Malgré l'ancienneté des catastrophes naturelles, la prise de conscience de l'existence de risques environnementaux est plus récente. C'est elle qui, dans les
années 70-80, débouche sur la notion de principe de précaution (voir l'article de Dominique Bourg, p. 28). Quoique anciens, les risques alimentaires tendent à leur
tour, suite aux affaires de la listériose ou de la vache folle, à focaliser, avec les risques liés aux manipulations du vivant, l'attention des médias.
Nouveaux dangers ou regards nouveaux ?
Ainsi, de l'avis de plusieurs spécialistes, l'hypersensibilité au risque est aussi la conséquence de cette « mise en risque » d'un nombre croissant de dangers soit
nouveaux, soit auxquels on ne prêtait pas attention. Pourtant, quoi de commun entre la perte d'une cargaison, un accident du travail, l'explosion d'une usine
chimique, la transmission de la variante humaine de l'encéphalopathie spongiforme bovine (ESB) et le déclenchement d'une avalanche ? Certains sont imputables
à la nature, d'autres sont engendrés par la société elle-même. Le nombre de victimes varie considérablement d'un risque à l'autre. Alors que la listériose n'a à ce
jour fait que quelques victimes, les intoxications alimentaires en provoquaient encore des milliers dans les années 50. Dans certains cas, les risques sont
probabilisables (grâce aux outils statistiques dont se sont dotés les Etats, on peut connaître la fréquence des accidents du travail, des accidents de la route, des
décès suite à telle ou telle pathologie) ; dans les autres (catastrophe naturelle), ils le sont plus difficilement. Est-ce une conséquence de cette signification
extensive ? Toujours est-il que l'éventail des sciences humaines et sociales intéressées aux risques n'a cessé de s'élargir.
De toutes les disciplines, la science économique a été la première à intégrer la dimension du risque. En posant l'hypothèse de la rationalité des agents, elle
assimile, dans ses développements récents, les individus à des joueurs qui cherchent à optimiser leurs gains (4). Les décisions prises dans un univers
d'incertitude (comme les placements boursiers) inspirent des tentatives de modélisation toujours plus sophistiquées.
Par la suite, différentes disciplines, comme la psychopathologie, se sont penchées sur le risque dans le monde du travail. A partir des années 70-80, des travaux
renouvellent les approches en terme de prédisposition aux accidents, en s'attachant à comprendre les attitudes de défi ou de déni qu'on observe dans certains
corps de métier. D'autres études ont cherché à évaluer le facteur humain dans le déclenchement d'un accident. Le management n'est pas en reste. En réponse
aux situations de crise et à l'environnement incertain dans lequel l'entreprise est amenée à évoluer se sont développées de nouvelles approches managériales
(riskmanagement). Dans le sillage des travaux de la Britannique Mary Douglas, anthropologues et sociologues se sont attachés à étudier les différences de
perception du risque. Plus récemment, les géographes ont souligné la dimension sociale sinon humaine des risques naturels, en pointant notamment les
conséquences néfastes d'urbanisations incontrôlées. Bien des catastrophes, expliquent-ils, auraient pu être évitées si des populations n'avaient pas été
encouragées à se concentrer dans des zones à risques. Ce que Rousseau avait déjà suggéré au xviiie siècle à la suite de l'incendie de Lisbonne en 1755...

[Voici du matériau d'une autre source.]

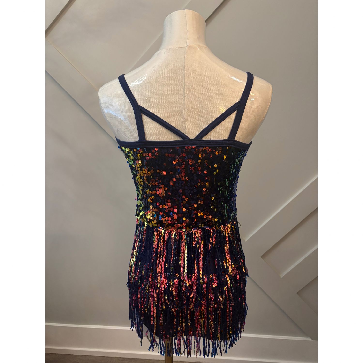 Packed with sparkle and full of razzle-dazzle, this costume lights up the stage! The shimmering fringe adds fabulous movement, making every step captivating. A true showstopper that's sure to turn heads both on and off the stage
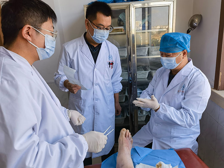 2024年11月27日,《中國燒傷創(chuàng)瘍雜志》編委、燒傷創(chuàng)瘍再生醫(yī)療技術(shù)臨床專家張強應(yīng)?邀來到潛山市立醫(yī)院?,對該院收治的一名糖尿病足患者進行查看會診,進行創(chuàng)面清創(chuàng)、擴創(chuàng)以及對治療方案給予指導,受到醫(yī)患雙方一致好評!
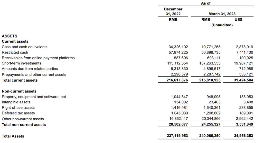 隨著多多買菜等渡過前期的燒錢階段步入正軌,2022 年以來拼多多凈利潤快速增長,由此帶來了大量的正向現(xiàn)金流。2022 年 Q2 到 Q4,拼多多運(yùn)營活動(dòng)的現(xiàn)金流入分別高達(dá) 74 億元、114 億元 和 485 億元,這使得拼多多賬面的資金(現(xiàn)金+短投)從 2021 年底的 930 億元,增加至 2022 年底的 1500 億元。
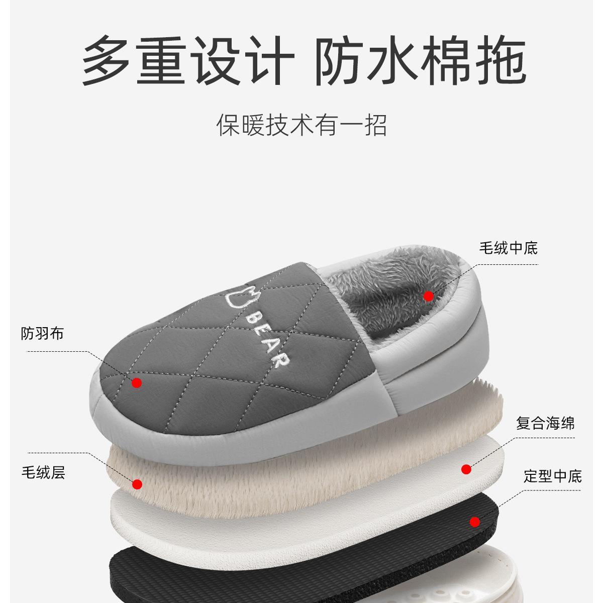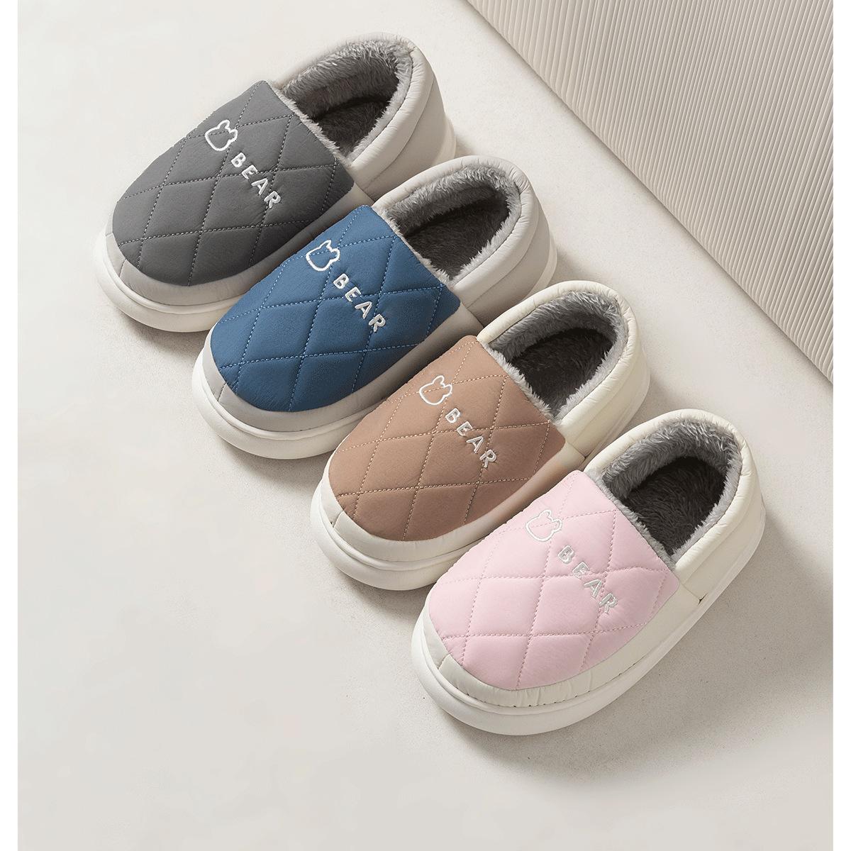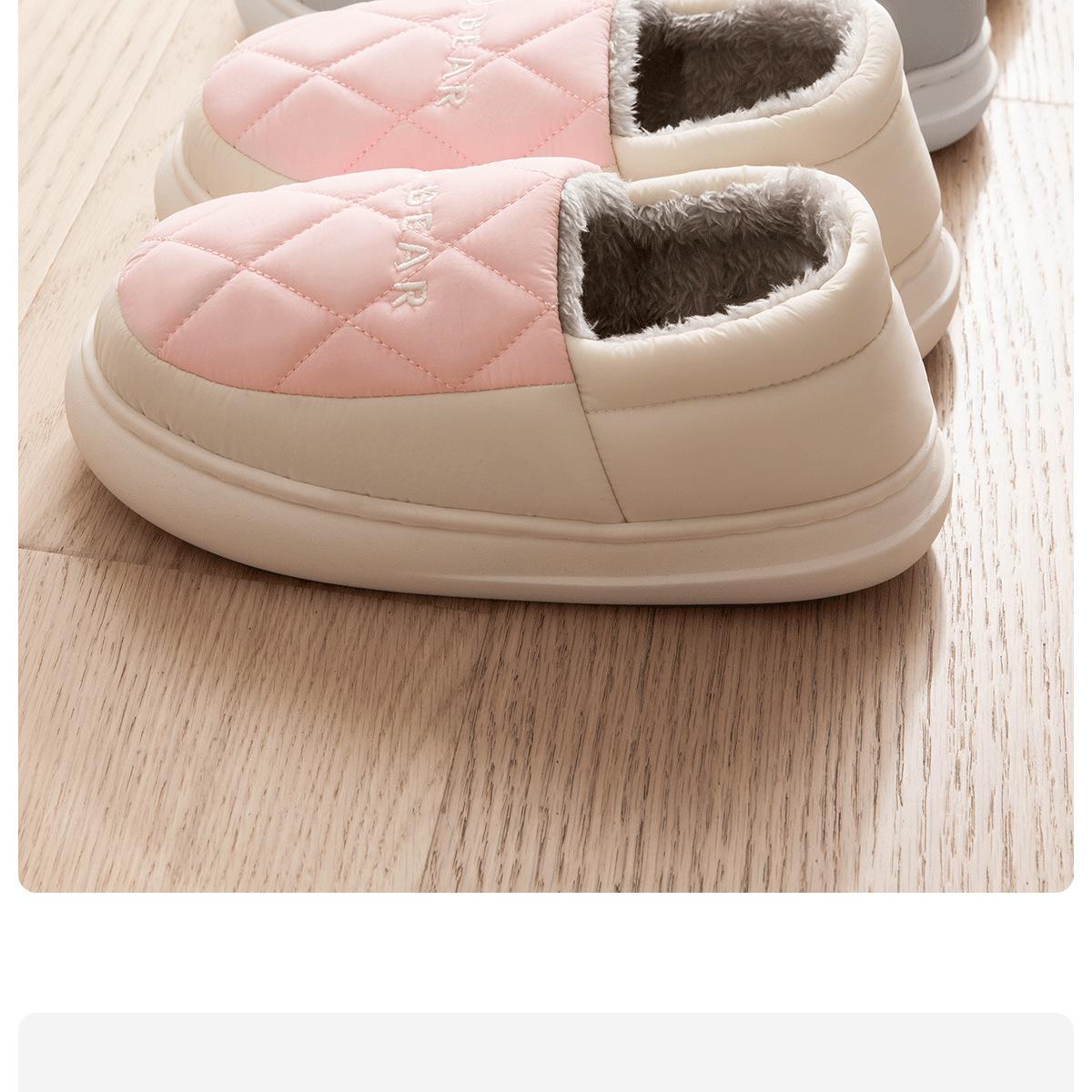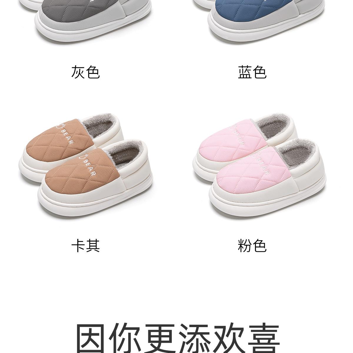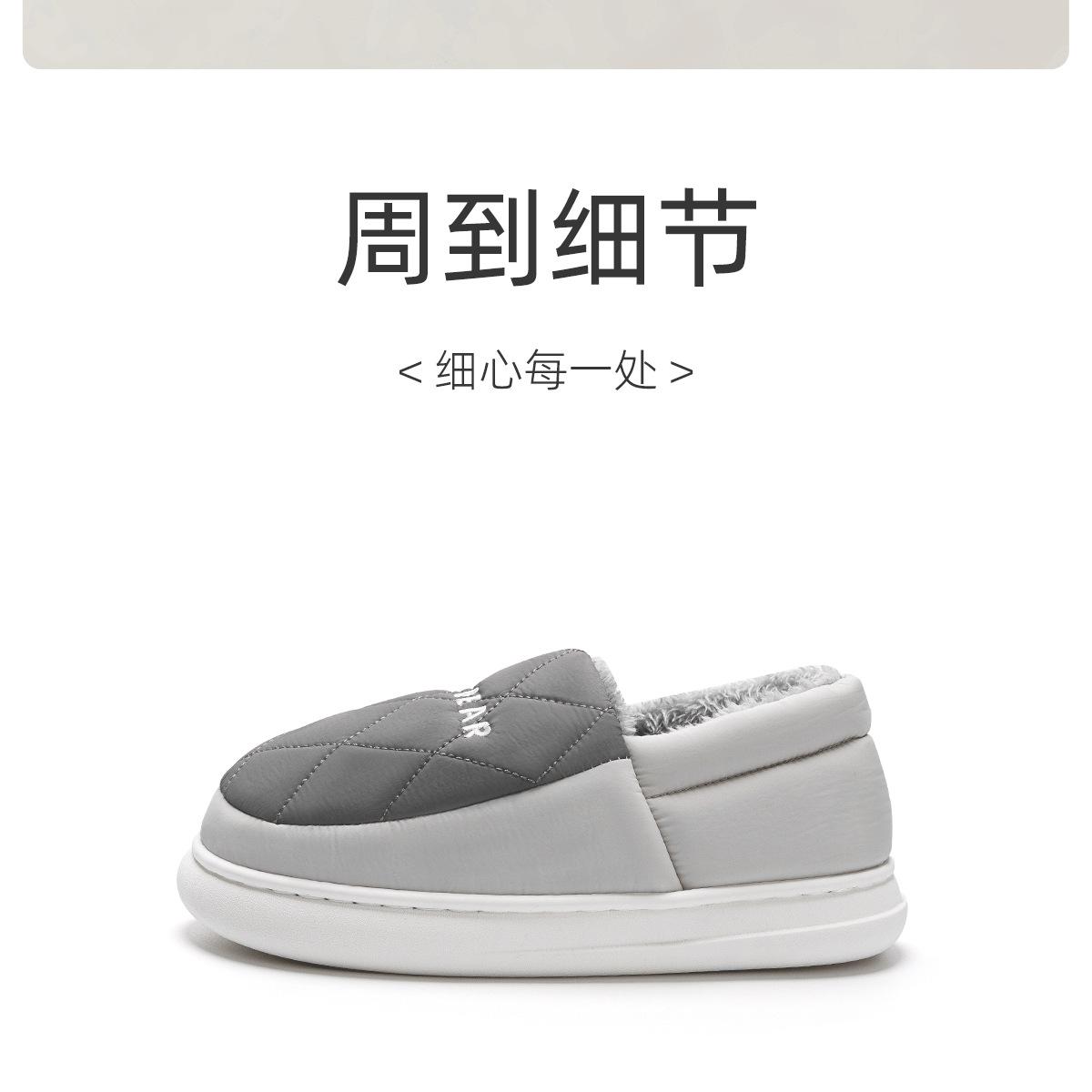 Pantuflas de algodón impermeables para otoño e invierno para mujer, con tacón totalmente cubierto, de felpa, cálidas, impermeables, para parejas, para el hogar y el hogar de los hombres.
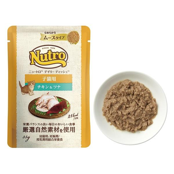 子猫の小さい顎と口に配慮した食べやすい滑らかなムースタイプ。
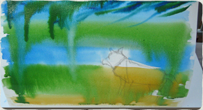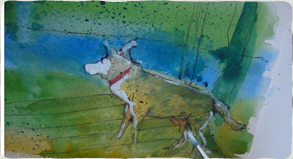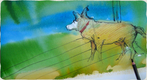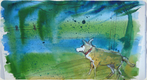 Add some yellow ochre across the body of the dog, leaving his head mostly white if possible as well as the very bottom of the page. Stand the image up vertically and let the colours drip down the page
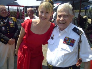 After singing, Karen poses for a photo with a veteran of the Normandy invasion.
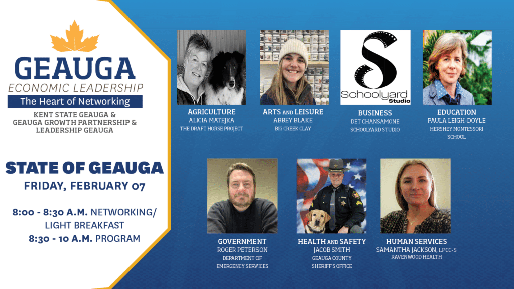 Co-sponsored by Geauga Growth Partnership, Kent State University at Geauga and Leadership Geauga. These events are an opportunity to bring business and industry leaders together with our community to network, learn, and collaborate. Each event is intended to foster a heightened awareness of business, industry, and public services present in Geauga County and to facilitate networking among the members of those sectors. Anyone working or living in Geauga County will benefit from learning more about our local employers and services.

Aujourd'hui plus que jamais, le contexte favorise des approches pluridisciplinaires ou le développement de nouvelles disciplines (préventique, cindynique...). Dans
cette perspective, le risque se révèle plus complexe que ne le suggère sa conception purement probabiliste. Pour avoir une base objective, le risque n'en est pas
moins aussi subjectif. Les représentations que l'on s'en fait varient selon l'âge, les milieux professionnels, les circonstances... Ainsi se comprend mieux un autre
paradoxe : d'un côté, des sociétés hypersensibles au risque, de l'autre, la valorisation de prises de risque plus ou moins inconsidérées.
NOTES
1
Sources : OMS, Inserm.
2
Voir P.-N. Giraud, Le Commerce des promesses, Seuil, 2001.
3
P. Trinquet, Maîtriser les risques du travail, Puf, 1996.
4
En 1953, Maurice Allais publie Le Comportement de l'homme rationnel devant le risque.